From: David Hart (dhart@atlantisblue.com.au)
Date: Wed Feb 23 2005 - 01:08:43 MST
Ben Goertzel wrote:
> Maybe one could build in a "grandfather clause" stating that an AI can
> optionally violate the safety rule IF it can prove that, when given
> the same data about the world and a very long time to study it, its
> seed AI ancestor would have decided to violate the safety rule.
Hi Ben,
I like this idea; it seems that it would need to be a continual process
if the AI is to have an acceptable reaction time to existential risks.
A grandfather process could be part of a general set of conditions that
allows for [partial] override of safety rules in cases of extreme
existential danger, averting the case where ITSSIM allows the AI's
environment (our Universe) to be destroyed by a 'safe' failure to act
(isn't this similar to the classic Asmovian robot deadlock?).
E.g. in the concept of an ensemble of supergoals, ITSSIM would be one of
many [weighted] supergoals, while an 'existential risk detector', with a
'grandfather clause' as a special case, could be another supergoal.
In a Novamente context, such an ensemble would be a [dynamic scale-free]
network of goal nodes, and could therefore be tuned for acceptable
margins of safety (we live with evolution-tuned SFNs all around us,
inside of us, etc.), e.g. a goal graph could be tuned for the emergence
of 1 mega-SG, or 10 equal sized SGs, or 3 large SGs each with 3 sub-SGs,
or 2 large SGs and one slightly smaller SG, etc.

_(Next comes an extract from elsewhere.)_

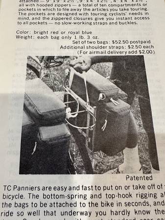 For your consideration is a set of used Touring Cyclist TC Panniers. Introduced in the mid 1970’s, they were considered the gold standard for bicycle panniers. Extremely well made and intelligently designed and crafted, they are highly functional as well as aesthetically attractive.

The ITSSIM SG would probably govern the tuning parameters, as any
change, even a necessarily small and 'incremental' change, would
constitute a significant self-modifying action.
Any SG architecture could be validated, invalidated and/or optimized
using experimentation with different parameters in simulation. Such
experimentation might find, e.g, that 1 dominant-SG is dangerous
because of the >0 probability of the paperclip problem, or that 10 equal
sized SGs lead to system deadlock or always condense into fewer SGs on
their own, or that a system without a 'grandfather clause' embodied in a
SG would grow faster but might also fail to avert a large existential risk.

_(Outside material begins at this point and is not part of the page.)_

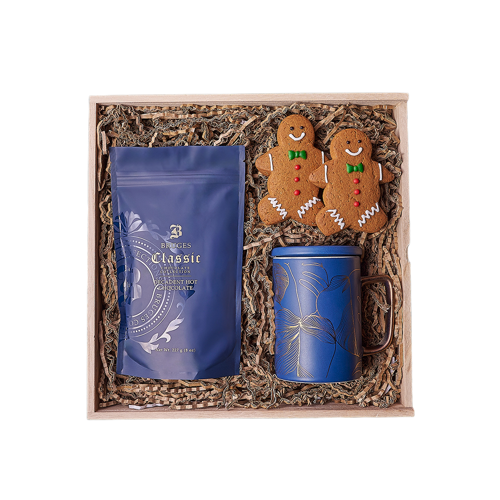 Indulge in the ultimate chocolate lover's dream with our Holiday Hot Chocolate & Treats Basket! Packed with gourmet delights like smooth hot chocolate mix, handmade gingerbread cookies, and a beautiful blue & gold mug, it's the perfect gift for anyone with a sweet tooth.

Lessons learned from simulation could lead to an adaptive SG
architecture, e.g. allowing a new temporary SG to emerge for a specific
existential risk mitigation (only if/when a large existential risk is
discovered), later reverting back to the 'safer' state (providing a
function similar to Elias's stack frame).

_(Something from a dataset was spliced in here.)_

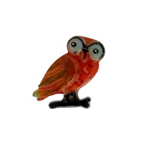 Χειροποίητο μαγνητάκι από γυαλί σε σχέδιο κουκουβάγια σε ακανόνιστο σχήμα, με τη μέθοδο fusing, σε διάφορα χρώματα.
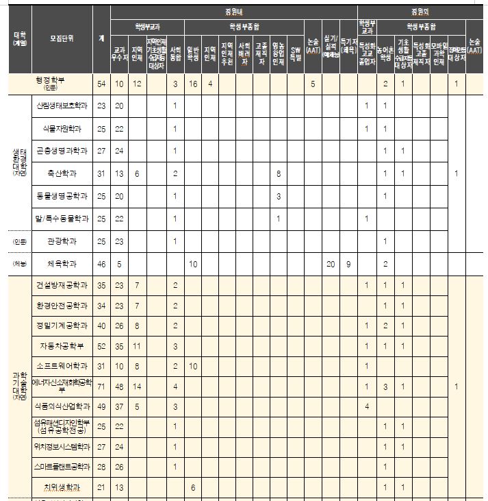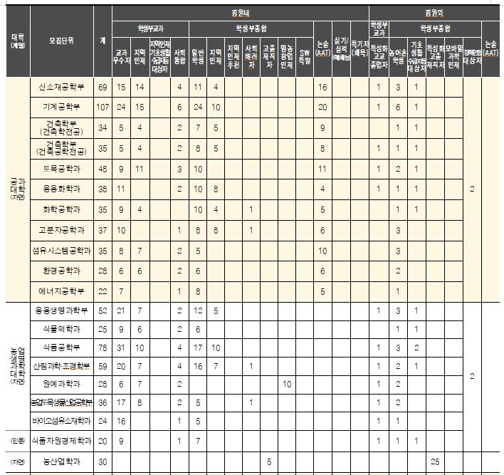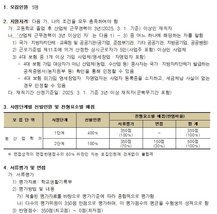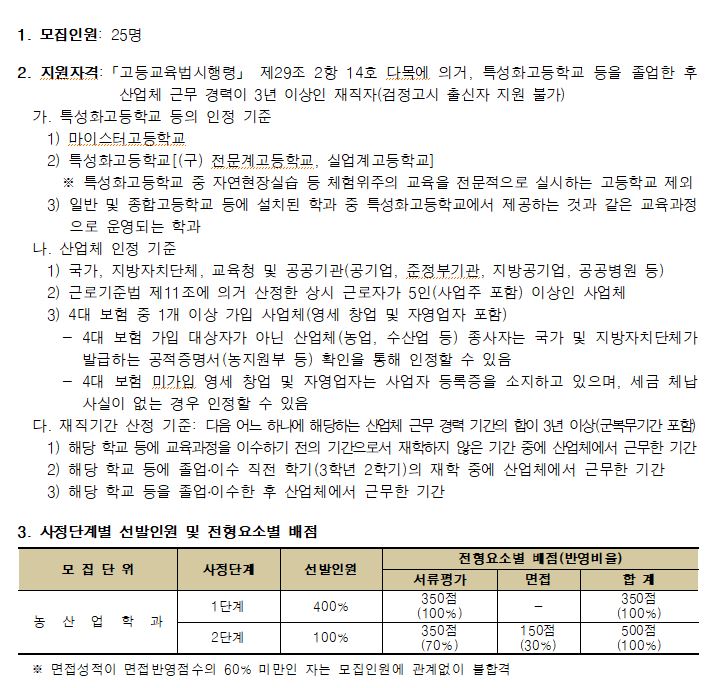 해당 전형으로는 농산업학과의 신입생을 모집하며, 1단계에서 4배수의 학생을, 2단계에서 서류평가 70% + 면접 30%를 합산하여 학생을 선발합니다.

One can imagine that perhaps SGs would condense into a normal stable
state something like:
1. Joy, Growth, Choice + CV (boils down to growth moderated by
individual freedom)
2. ITSSIM (safety governor)
3. existential risk detector + mitigation action generator (including
grandfather clause)
To tie this back to friendliness, in my current understanding,
Friendliness is equivalent to a maximally-stable complex system of SGs
and subgoals seeded with the best human values. In other words,
Friendliness is bound, in that it can exist only within a known complex
system, "The Universe", and therefore to be truly friendly and as
invariant as possible, should be a set of [asymptotically stable]
attractors, if such a thing can exist on such a scale, or our best shot
at a set of non-asymptotically stable attractors.